産業医として通算1万人以上の働く人と面談をしてきた筆者(武神健之)の経験から、五月病の原因の多くは、新生活のスタートで生じがちな「問題」――新生活での高すぎる自分への期待と過去の友人・知人たちからの隔離――が生むストレスです。このストレスが大き過ぎると、メンタルヘルス不調にまで拗(こじ)らせてしまう可能性があるのです。
高すぎる期待はストレスに
新生活が始まると、日頃から学びなどの意識を高くもつ“ポジティブ系”の人は気持ちを新たにし、自分自身に期待をかけます。新しく外国語学習やお稽古事を始めてみたり、他人より優秀でありたいと自分にハッパをかけてみたりします。

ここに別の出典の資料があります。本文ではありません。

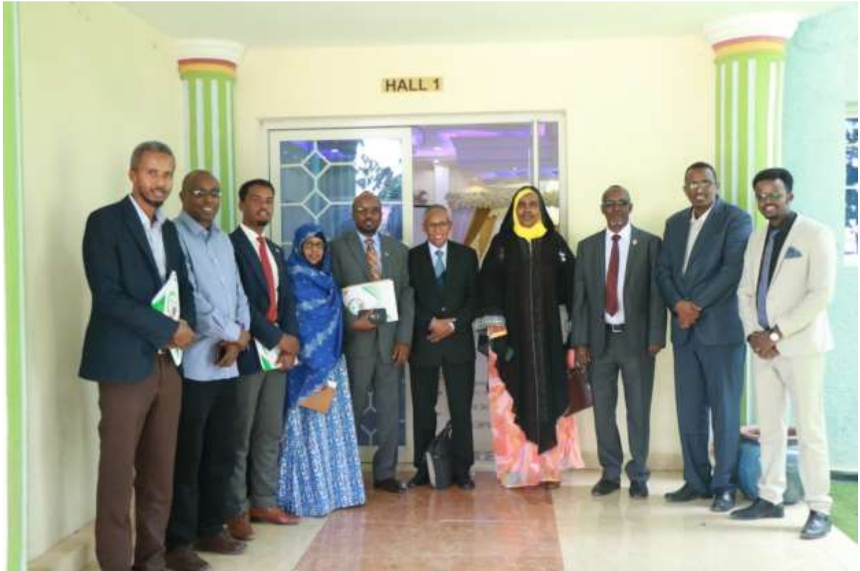
Xigasho; 2020, hshd kulanka sadex-biloodlaha ahaa ee xubnaha gudiga mashruuca (streering committee)

一方、コロナ禍では、勤める会社の倒産や減給、それ以外でも先々が見えない漠然とした不安がたくさんあります。そこから逃れたい気持ち、このようなネガティブ動機から何か資格取得や勉強を始める人もいます。
両者ともうまくいっているうちはいいのですが、それが上手くいかないと、「自分の頑張りが足りないからだ。もっと頑張らなければいけない」「自分はダメな人間だ。この先どうすればいいのだろう」と考えてしまう人もいます。
このように、自分への期待が高すぎるために、ストレスが生じてしまいさらに自分を追い詰めて不調になる人たちもいるのです。
ストレスを解消する/生む人間関係
もう1つの五月病の原因は、親しい人間関係からの隔離です。
就職、異動や転勤などで新しい生活が始まると、それまでの友人や同僚たちとの関係が疎遠になりがちです。仕事が忙しすぎて友人や同僚たちと会えない一方、新生活で知り合ったばかりの同僚や知人たちと、いきなり腹を割ったホンネの会話をするのは難しいことです。たわいもない話をしていても、緊張感が残っていたり、本心を隠した「腹の探り合い」になってしまったりします。
こんな時に、気心の知れた友人や以前の同僚と話すのは心理的に良い効果が期待でき、知らないうちに心が落ち着いたり、ストレスが軽減します。
しかし、コロナ禍では、いわゆる飲み会は激減しています。異動や転勤がなかった人でも、親しい友人や同僚たちと気分を晴らす機会が減っているのです。その結果、ちょっとした不安やストレス、悩みが、愚痴ったり解消できずに溜まっていき、やっかいなことになってしまうのです。不安やストレスや悩みは、溜まるほど解消が難しくなり、メンタルヘルス不調の原因になってしまいます。